Todos los ciudadanos notables de Buenos Aires se presentaron
ante el general López. El pueblo había adornado la casa del ministro con
guirnaldas de flores, y una delegación de las damas más distinguidas de
la ciudad le ofrecieron ramos de flores. Los negociadores extranjeros
establecidos en la ciudad cubrieron con sus firmas dos fastuosos
álbumes que fueron dedicados al pacificador de los estados de la Plata.
Jamás un entusiasmo parecido acogió servicios tan eminentes.

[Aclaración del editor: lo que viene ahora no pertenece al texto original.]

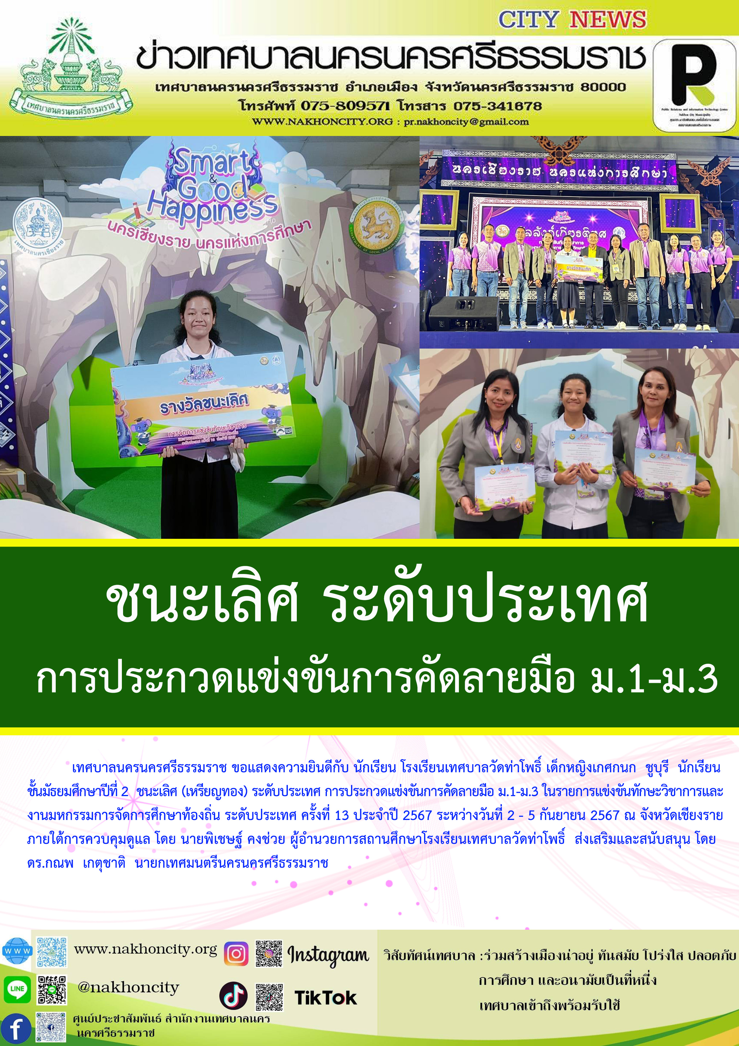 เทศบาลนครนครศรีธรรมราช ขอแสดงความยินดีกับ นักเรียน โรงเรียนเทศบาลวัดท่าโพธิ์ เด็กหญิงเกศกนก ชูบุรี นักเรียนชั้นมัธยมศึกษาปีที่ 2  ชนะเลิศ ระดับประเทศ การประกวดแข่งขันการคัดลายมือ ม.1-ม.3  ในรายการแข่งขันทักษะวิชาการและงานมหกรรมการจัดการศึกษาท้องถิ่น ระดับประเทศ ครั้งที่ 13 ประจำปี 2567 ระหว่างวันที่ 2 - 5 กันยายน 2567 ณ จังหวัดเชียงราย ภายใต้การควบคุมดูแล โดย นายพิเชษฐ์ คงช่วย ผู้อำนวยการโรงเรียนเทศบาลวัดท่าโพธิ์  ส่งเสริมและสนับสนุน โดย ดร.กณพ  เกตุชาติ  นายกเทศมนตรีนครนครศรีธรรมราช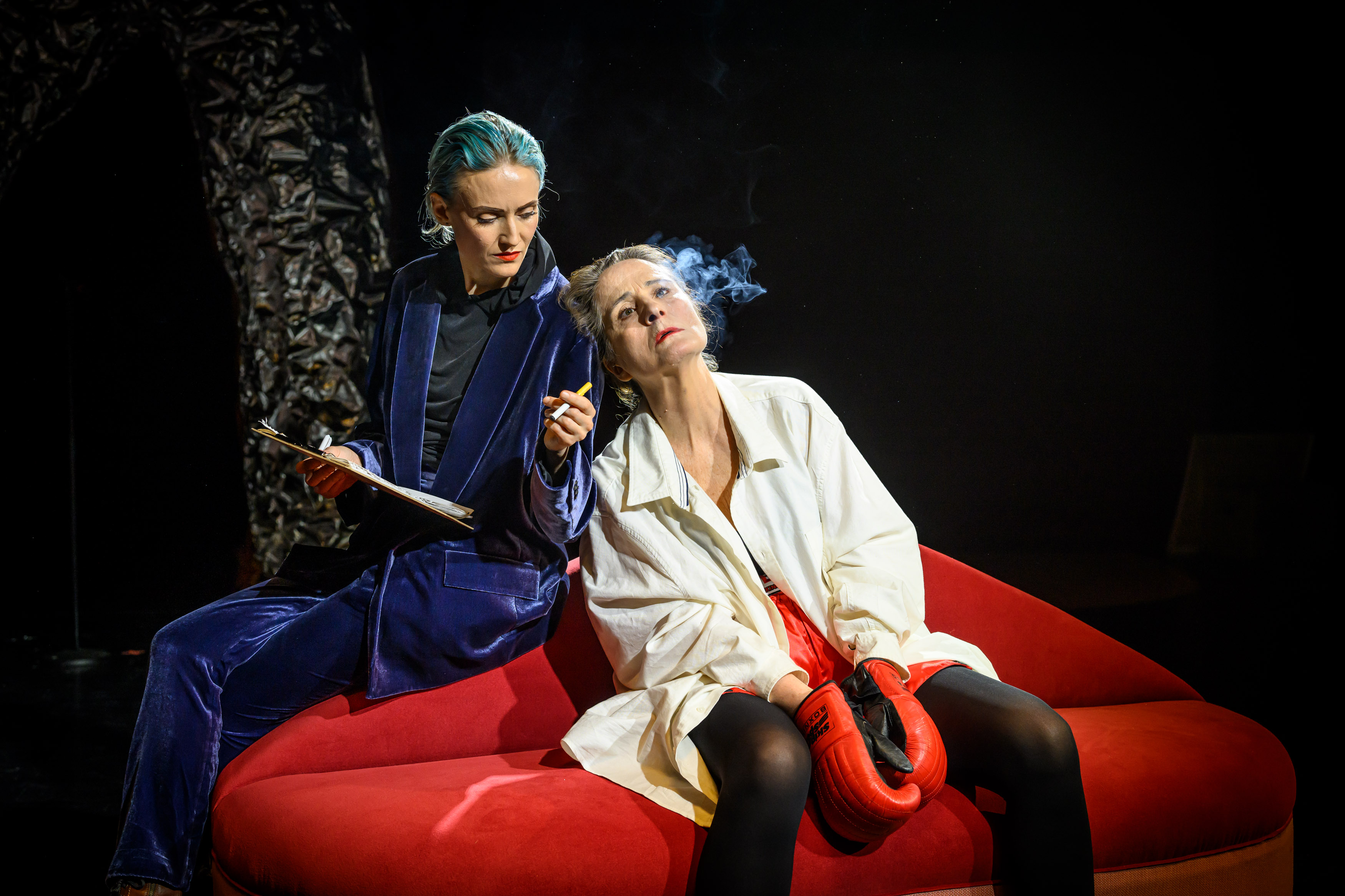 Dessutom släpps fler föreställningar till den helt utsålda Kvinnor i mörkret som spelades under september och oktober på Intiman. Kvinnor i mörkret är skriven av två unga dramatiker från Kyjiv, efter Rysslands invasion av Ukraina. Pjäsen bygger på inlägg i sociala medier och kvinnors upplevelser av att leva i Kyjiv under kriget – med utgångspunkt i de många och återkommande strömavbrotten. Med svart humor och djupt allvar skildras vardagsnära situationer, hur det är i att leva i mörkret i ett krigsdrabbat land. Regidebut av Moa Silén, som länge arbetat som skådespelare på Uppsala stadsteater. I rollerna: Emelie Falk och Valia Sapouna.

Al final del Memorándum, dirigido por Su Excelencia, el general
Don Francisco Solano López, al ministro de Relaciones Exteriores del
Paraguay, y que precede a la publicación de las piezas oficiales, vemos
relatado un hecho lamentable.
En el momento en que el general salía del puerto de Buenos Aires,
acompañado de una delegación oficial y saludado por las aclamaciones
del gentío, el buque paraguayo que portaba el pabellón parlamentario
fue atacado y forzado a retornar a su fondeadero. El ministro
plenipotenciario debió renunciar a volver al Paraguay por el Río de la
Plata y tomar la vía terrestre.
Los navíos que se declararon culpables de este acto inaudito
pertenecen a una de las naciones que se declaran abiertamente
protectoras del derecho de gentes, tan manifiestamente ultrajado por
esta agresión: a Inglaterra.
No podemos abordar la discusión de estos hechos en este trabajo,
únicamente consagrado a la historia de la mediación paraguaya en los
estados de la Confederación Argentina. Preguntaremos solamente cuál
es la nación que mostró en esta ocasión el mayor respeto al derecho de
gentes, por aquella que acababa de asegurar la paz y la unión de los
pueblos de la Plata, o por aquella que dirigía un ataque contra un navío
portador de un ministro plenipotenciario.
A. Laplace,
Cónsul General de la República del Paraguay.